Il décline poliment l’offre et démissionne. Le hasard, ou peut-être le destin, s’en mêle alors. Sa femme colombienne et lui décident de passer les fêtes de fin d’année en Colombie, le temps de “réfléchir à la suite”. Et c’est à l’aéroport, en attendant leurs valises, que la suite va s’écrire plus vite que prévue. Sa femme reconnaît un visage dans la foule, celui de Don Roberto, qui n’est autre que le frère du gérant d’une ferme de crevettes dans laquelle Régis avait travaillé. Après quelques échanges sur sa situation profesionnelle, Don Roberto lui confie qu’ils cherchent justement un directeur pour reprendre les rênes du site. Le lendemain, Régis se rend sur place, rencontre l’équipe, et embrasse ce nouveau challenge. Il découvre alors le secteur privé puis prend la direction de plusieurs fermes de crevettes en Colombie, puis à Madagascar, tout en menant des missions de consultant dans divers pays d’Amérique latine. Un tournant professionnel né d’un hasard de hall d’aéroport.

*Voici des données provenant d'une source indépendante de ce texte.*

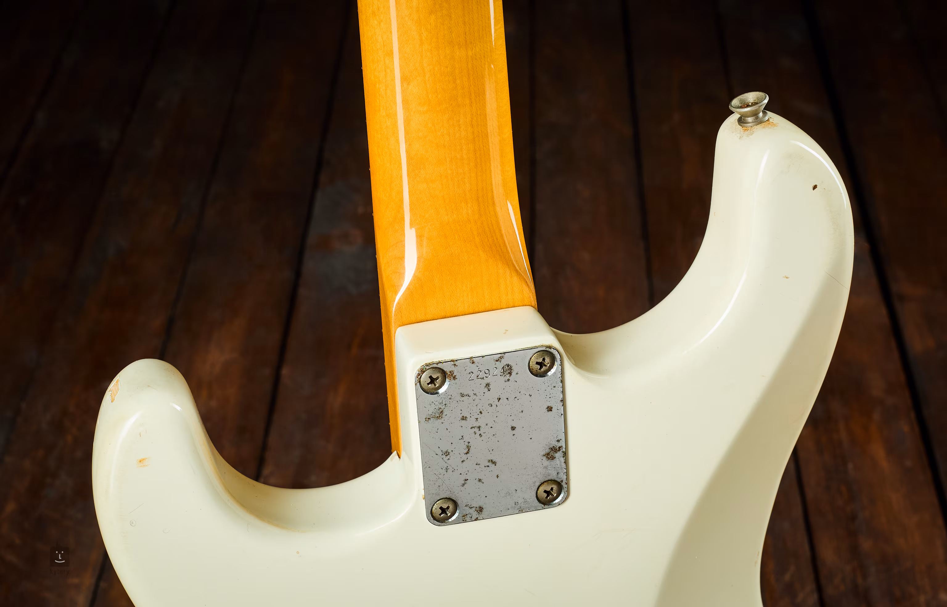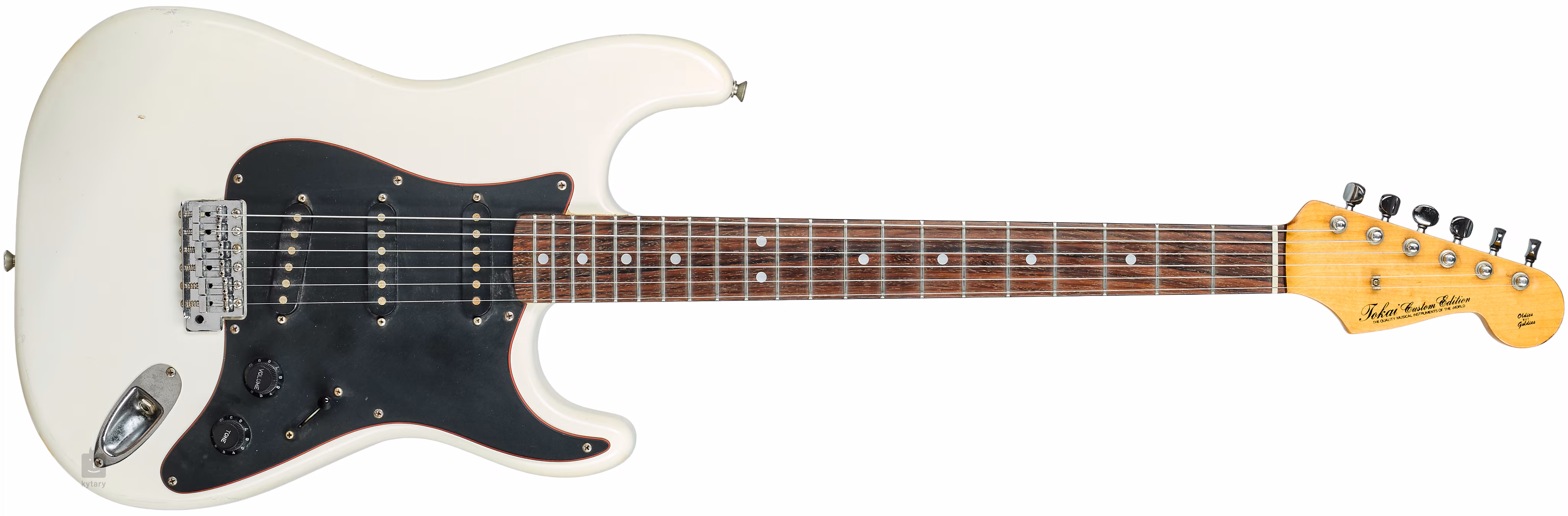 Lawsuit Stratocaster japanischer Herstellung der Marke Tokai, 80er Jahre. Sonderausführung mit nur zwei Reglern – Lautstärke und Tonregler – genau wie es in den 80er Jahren Mode war, als die Steuerung der E-Gitarre weitgehend vom Korpus des Instruments auf den Boden zwischen Pedale und Effekte verlagert wurde.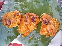 The most basic traditional okoy recipe uses a small amount of galapong (ground soaked glutinous rice) as the batter, spiced to taste with onion, garlic, salt, and scallions. It is mixed with mashed kalabasa (calabaza) and unshelled small shrimp. They are deep-fried as small flat patties until golden brown. Excess oil is drained on paper towels and the dish is served warm and crispy.[5] Okoy batter can also be mixed with kamote (sweet potato) or kamoteng kahoy (cassava), instead of, or in addition to calabaza. Other ingredients are also traditionally added, including mung bean sprouts (togue) and/or julienned carrots, onions, and green papaya.[6][7] The dish is sometimes dyed bright orange with achuete seeds.[1]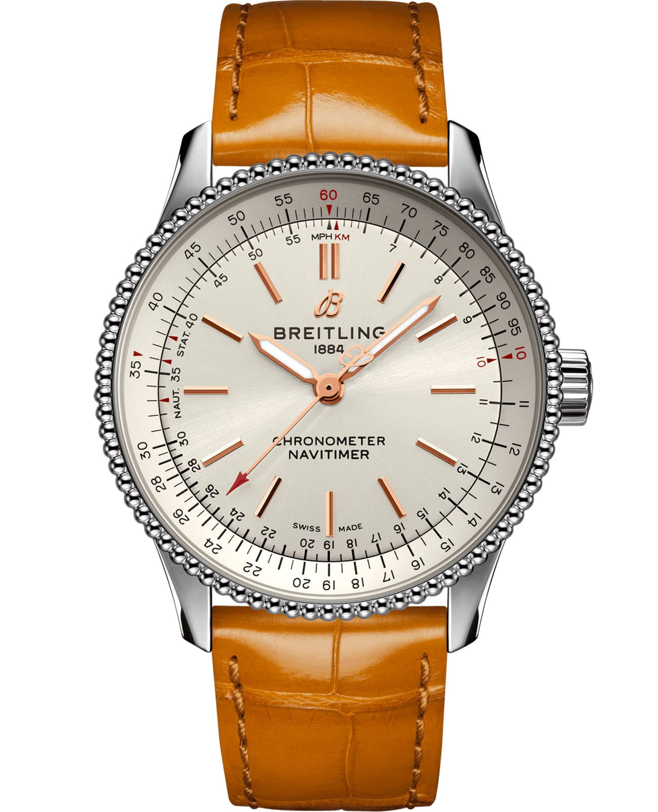 Часы Navitimer Automatic 35 предлагаются в комплекте с браслетом или блестящим синим, коричневым либо бордовым ремешком из кожи аллигатора с классической или раскладной застежкой из нержавеющей стали. Внутри корпуса спрятан мануфактурный калибр Breitling Caliber 17, сертифицированный Швейцарским институтом официального тестирования хронометров (COSC).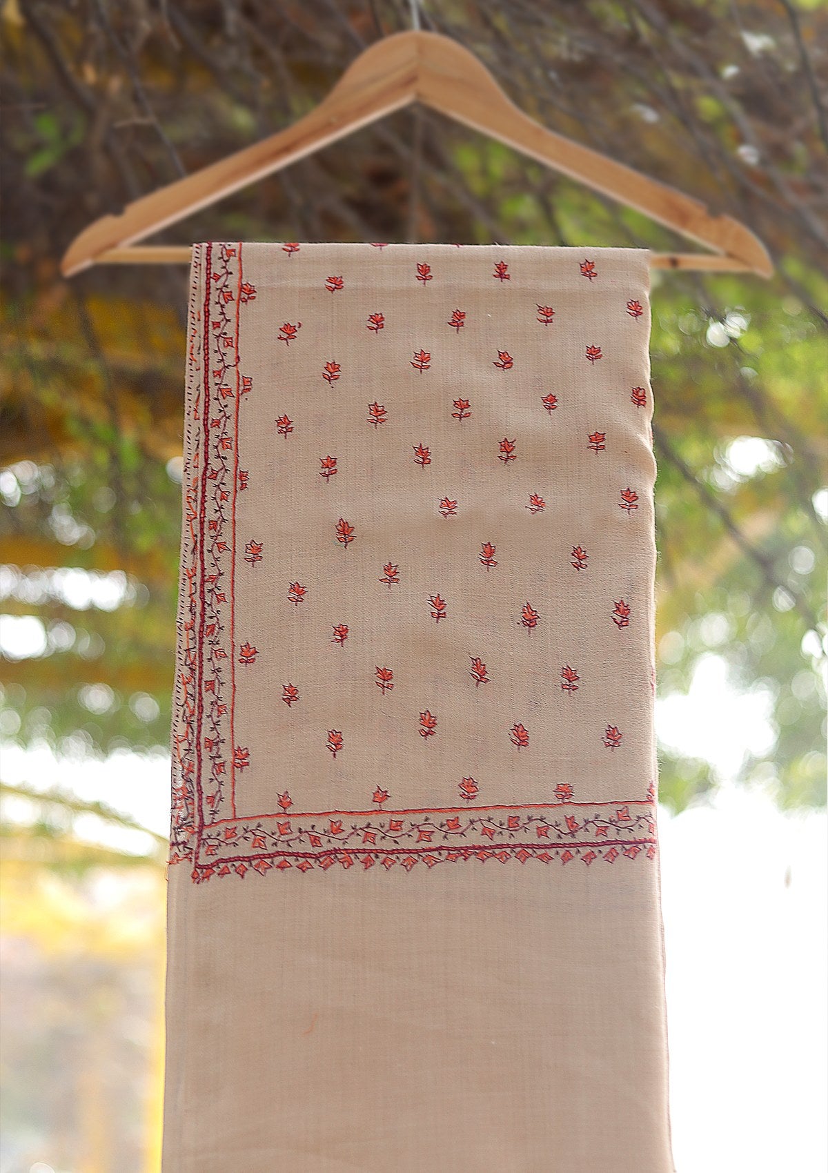 Wool Needle Work Shawl D - 70D - L BEIGE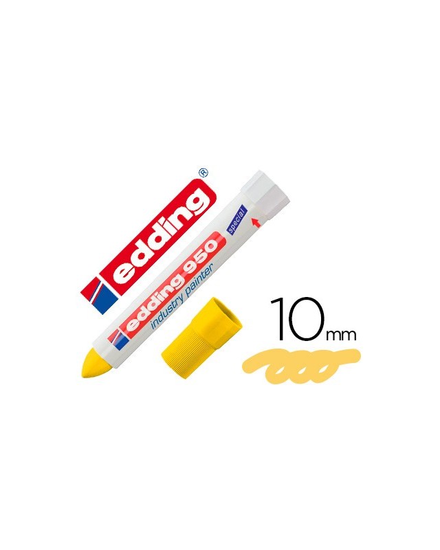 Rotulador superpermanente con punta redonda ancha ideal para escritura grande y gruesa. Escribe en todo tipo de superficies, sean ásperas o sucias. Cuenta con una pasta permanente de excelente opacidad que resiste a la luz y al agua una vez seca. Trazo de 10 mm. Color amarillo.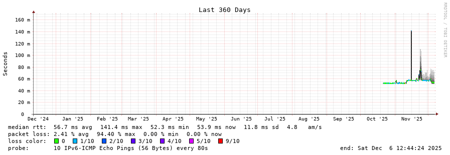 traceroute to 2a0c:9a40:8610:e3f::1 (2a0c:9a40:8610:e3f::1), 30 hops max, 80 byte packets - Generated at 2025-12-06 12:30:01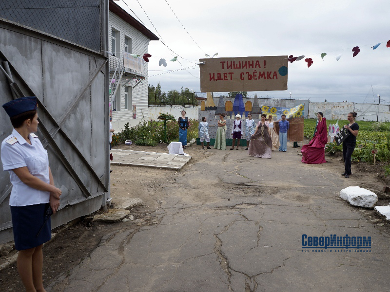 К сегодняшнему празднику женщины готовились особенно тщательно: рисовали плакаты, придумывали и шили костюмы, учили роли. Ведь в день смотра полезных дел колония превратилась в одну большую киноплощадку. Тема праздника — Год Российского кино.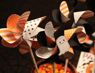 The pinwheels were easily cut, punched and assembled using the We R Memories Pinwheel Punch Board. I continued with the gauze pattern stamp and also used a polka dot stamp, which works well with the Recollections pp. I popped on a MCT ghost to the centers. I had to "borrow" two of them for another project photo shoot, but they are back where they belong, spinning away on the pinwheels.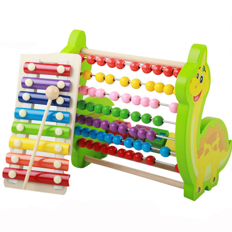 Проявлению музыкального слуха и математических способностей помогут счеты-ксилофон «Динозавр». Яркий и неординарный дизайн музыкальной игрушки привлечет внимание любого шалунишки, заставит на время оторваться от своих проказ. Симпатичный желтобрюхий динозаврик удерживает на своей спинке цветные горошинки, которые научат считать. Металлические плашки ударного инструмента будут издавать мелодичное звучание при каждом ударе.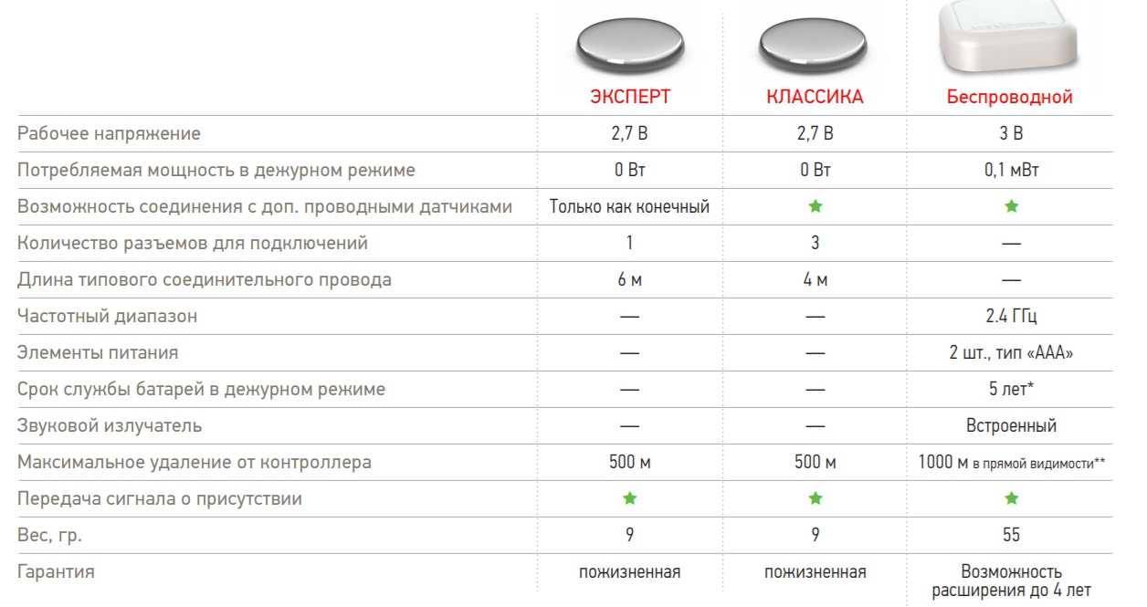 - Эксперт. При том же внешнем виде и размерах, дополнительно встроена плата, которая тестирует состояние контактов и целостность линии до контроллера. По результатам теста в контроллер посылается сигнал нормального рабочего состояния или обрыва. Длина кабеля 2 м, 4 м, 6 м, 10 м, максимальное удаление — 500 м. Эксплуатироваться могут при температуре от -40°C до +60°С.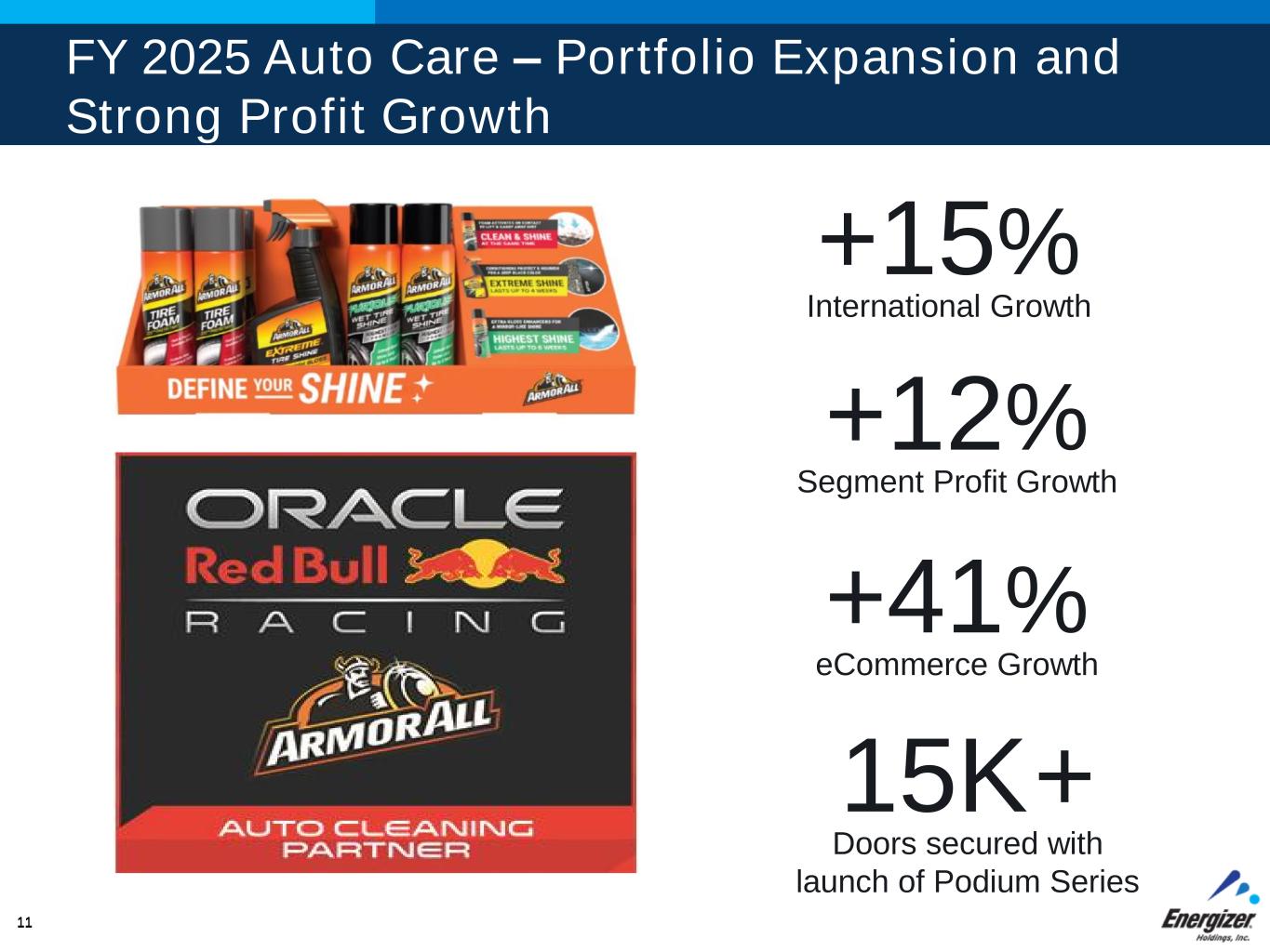 FOR INTERNAL USE ONLY – DO NOT DISTRIBUTE FY 2025 Auto Care – Portfolio Expansion and Strong Profit Growth +15% International Growth +12% Segment Profit Growth +41% eCommerce Growth 15K+ Doors secured with launch of Podium Series 11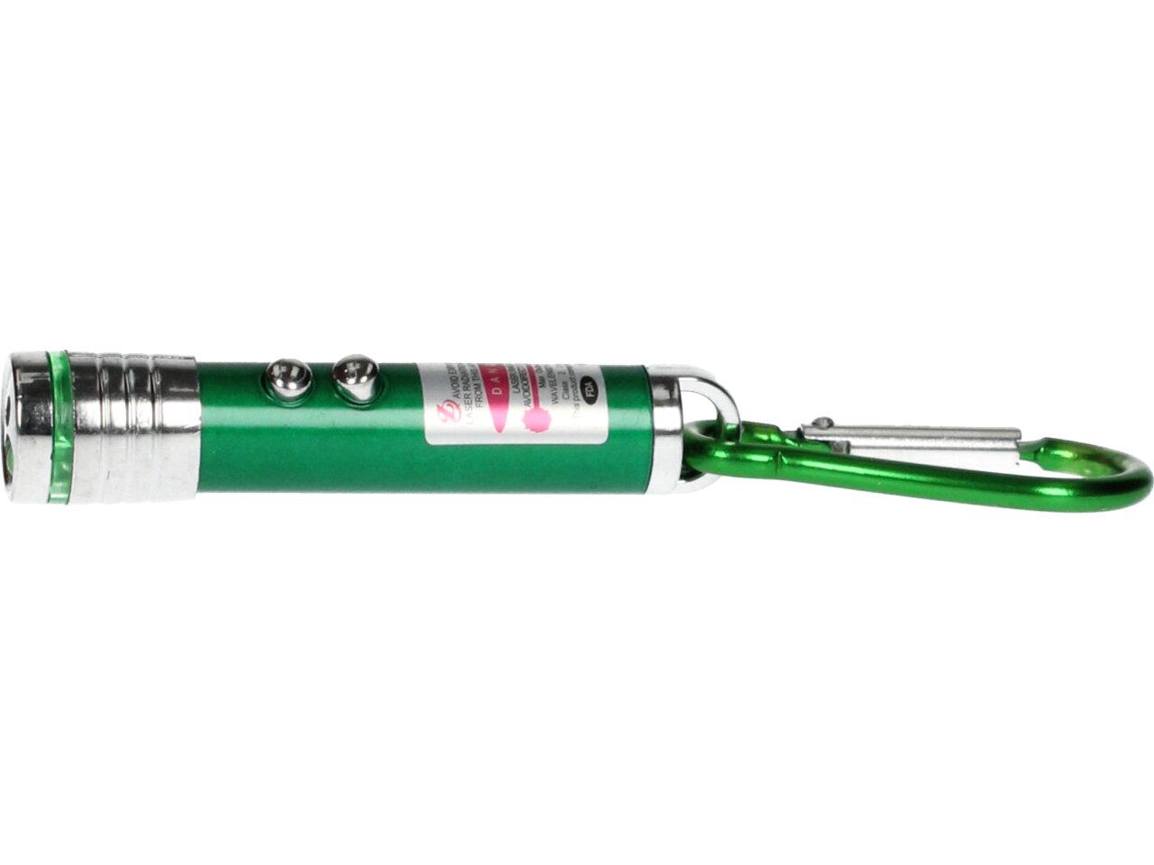 Karabina umožňuje snadné připevnění laserového ukazovátka ke kabelce, tašce nebo klíčům, takže je vždy snadno dostupné a není snadné ho ztratit. Tento produkt bývá dodáván s bateriemi a návodem k použití.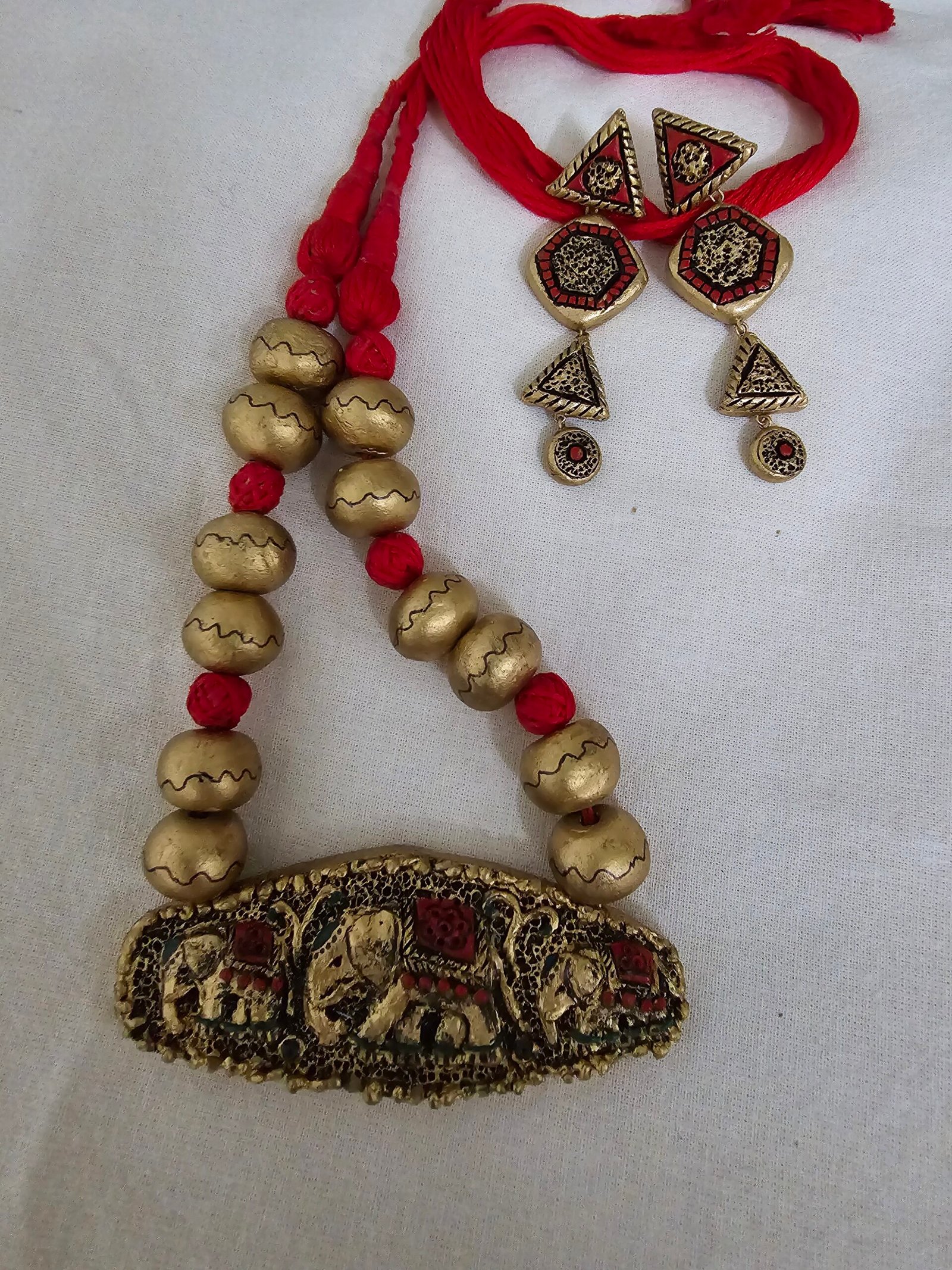 Designed for comfort and adjustability, the necklace comes with an adjustable cotton string at the back, allowing a customizable fit while keeping the lightweight elegance of terracotta jewelry intact. Each piece is artisan-crafted, showcasing subtle variations and textures that reflect the authenticity and skill of handcrafted terracotta artistry.
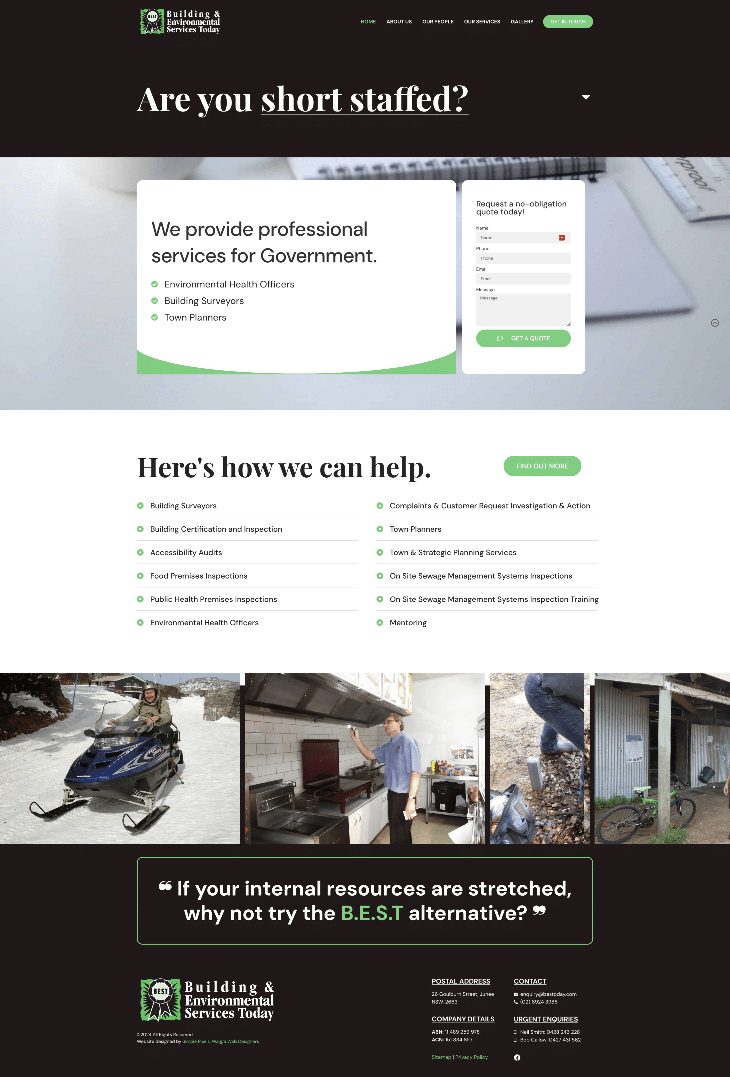 B.E.S.T, established in 2000, provides professional services to local governments and councils, offering flexible support to complement existing resources. Over 50 councils and government bodies have utilized their expertise to handle tasks that require additional time or specialised experience. They offer a range of professional services including building surveyors, building certification and inspections, accessibility audits, food and public health premises inspections, environmental health officers, as well as support for complaints and customer request investigations, town and strategic planning services, on-site sewage management system inspections and training, and mentoring.

Et puis juste avant la fin du siècle, un homme d’affaires calédonien intrépide, Philippe Pentecost, rachete la ferme SODACAL de Moindou, le plus grande de Nouvelle-Calédonie, alors en cessation de paiement. Il sent l’opportunité mais n’y connait pas grand-chose en crevettes bleues et décroche alors son téléphone pour contacter un ami qui se trouve être l’ancien mentor de Régis, celui-là même qui l’avait recruté à Tahiti en 1983. Vous imaginez déjà la suite… Suite à ce coup de fil, Régis embarque toute sa famille et débarque en Calédonie où il récupère les clés de la ferme et un plan de remboursement à respecter scrupuleusement. Onze ans plus tard, tous les engagements ont été tenus, toutes les dettes remboursées et Régis est tombé amoureux du Caillou…

Ensuite… “c’était devenu un peu la routine, il faut bien l’admettre”. Régis quitte alors le groupe après plus de dix ans de bons et loyaux services pour créer sa société en 2012. L’idée d’alors, c’est de chercher (et de trouver) des technologies innovantes pour mieux produire et mieux comprendre ce qui se passe dans une ferme aquacole. Régis en fait son métier à temps complet.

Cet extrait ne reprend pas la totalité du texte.